Rising U.S. natural gas
production from shale formations has already played a critical role in
weakening Russia’s
ability to wield an “energy weapon” over its European customers, and
this trend will accelerate in the coming decades, according to a new Baker
Institute study, “Shale Gas and U.S. National Security.” The study,
funded by the U.S. Department of Energy, projects that Russia’s natural gas
market share in Western Europe will decline to as little as 13% by 2040, down
from 27% in 2009.
“The geopolitical repercussions of expanding U.S. shale gas production are going
to be enormous,” says Amy Myers Jaffe, the Wallace S. Wilson Fellow for
Energy Studies and one of the authors of the study. “By increasing
alternative supplies to Europe in the form of liquefied natural gas (LNG)
displaced from the U.S.
market, the petro-power of Russia,
Venezuela, and Iran
is faltering on the back of plentiful American natural gas supply.”
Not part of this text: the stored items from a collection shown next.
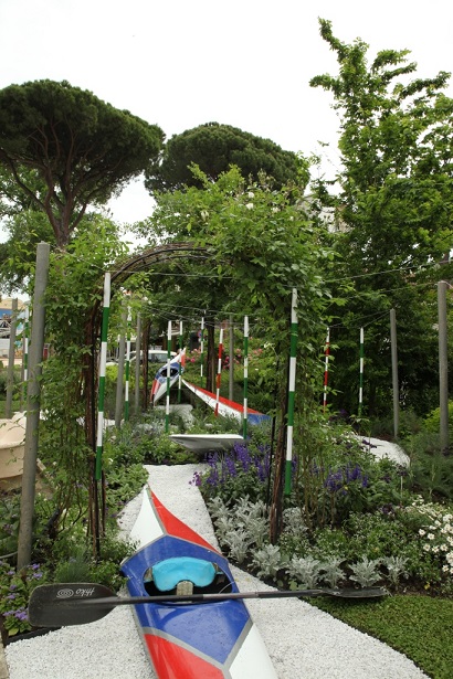 Návrh ztělesňuje jeden z významných vodních sportů charakteristický i pro naše hlavní město. „Design květinové expozice je založen na dramatičtěji modelovaném terénu, který symbolizuje peřeje Trojského kanálu. Stylizované vodní koryto je vysypáno bílým štěrkem, jehož břehy lemují výsadby v převažující modré a bílé barvě,“ představuje originální ztvárnění jedna z jeho autorek a kurátorka Botanické zahrady hl. m. Prahy Alena Nováková.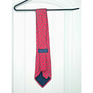 The product is a custom designer silk tie from Vineyard Vines, featuring a pink color with a shield design. Handmade in the United States, this classic-length tie is perfect for men who appreciate high-quality accessories. The tie is designed with a school theme in mind, making it a stylish and unique addition to any man's wardrobe. Made from 100% silk with a woven fabric type, this tie is a versatile and sophisticated choice for any occasion.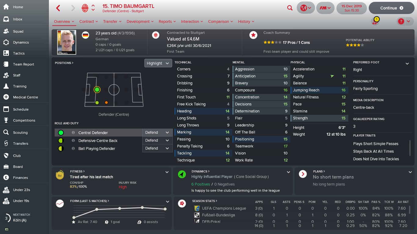 Timo Baumgartl profile in Football Manager 2026. Timo Baumgartl is a 21 years old professional footballer from Germany. His preferred foot is Right and the best role is . In the first season of FM26, he is contracted to Stuttgart until 30-Jun-2022 earning £26K per week and has a market value of 3M. You can help the player reach that full FM26 potential with proper training.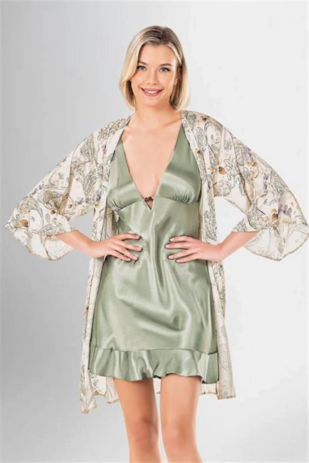 2 li Kısa Sabahlık Takımı Desenli

The study concludes that timely development of U.S.
shale gas resources will limit the need for the United
States to import LNG for at least two to three decades,
thereby reducing negative energy-related stress on the U.S. trade
deficit and economy. By creating greater competition among gas suppliers in
global markets, shale gas will also lower the cost to average Americans of
reducing greenhouse gases as the country moves to lower carbon fuels.
The Baker Institute study dismisses the notion, recently debated in the U.S. media,
that the shale gas revolution is a transitory occurrence. The study projects
that U.S. shale production will more than quadruple by 2040 from 2010 levels of
more than 10 billion cubic feet per day, reaching more than 50% of total U.S.
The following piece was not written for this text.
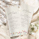 Ce menu fleur sauvage simple, moderne et dynamique est parfait pour les "I do's", quelle que soit la saison. Les élégants fleurs sauvages espacés sont à la fois charmants et simplistes avec la touche sophistiquée ajoutée de mariées monogrammées et initiales de mariés sur le côté inverse. Profitez de votre mariage au printemps, en été, en automne ou en hiver avec notre design coloré et minimaliste.

natural gas production by the 2030s. The study incorporates independent
scientific and economic literature on shale costs and resources, including
assessments by organizations such as the U.S. Geological Survey, the Potential
Gas Committee, and papers of the American Association of Petroleum Geologists.
“The idea that shale gas is a flash-in-the-pan is simply
incorrect,” says Kenneth Medlock III, the James A. Baker III and Susan G.
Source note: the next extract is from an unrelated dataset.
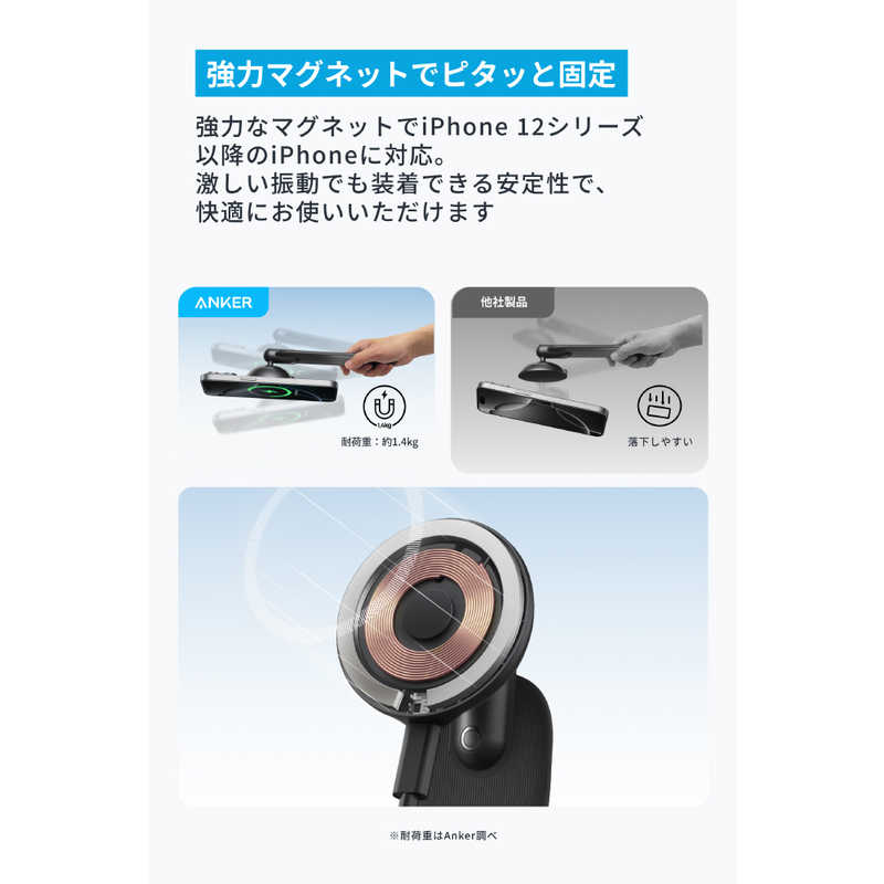 強力なマグネットでiPhone 12シリーズ以降のiPhoneに対応。激しい振動でも固定が緩むことはなく、快適にお使いいただけます。

Baker Fellow for Energy and Resources Economics and co-author of the study.
“The geologic data on the shale resource is hard science and the
innovations that have occurred in the field to make this resource accessible
are nothing short of game-changing. In fact, we continue to learn as we
progress in this play, and it is vital that we understand and embrace the
opportune circumstances that shale resources provide. U.S. policymakers should not get
diverted from the real opportunities that responsible development of our domestic
shale resources present.”
Other findings of the study include that U.S. shale gas will:
- Reduce competition for LNG
supplies from the Middle East and thereby
moderate prices and spur greater use of natural gas, an outcome with
significant implications for global environmental objectives. - Combat the long-term
potential monopoly power of a “gas OPEC.” - Reduce U.S. and Chinese dependence on Middle East natural gas supplies, lowering the
incentives for geopolitical and commercial competition between the two
largest consuming countries and providing both countries with new opportunities
to diversify their energy supply. - Reduce Iran’s
ability to tap energy diplomacy as a means to strengthen its regional
power or to buttress its nuclear aspirations.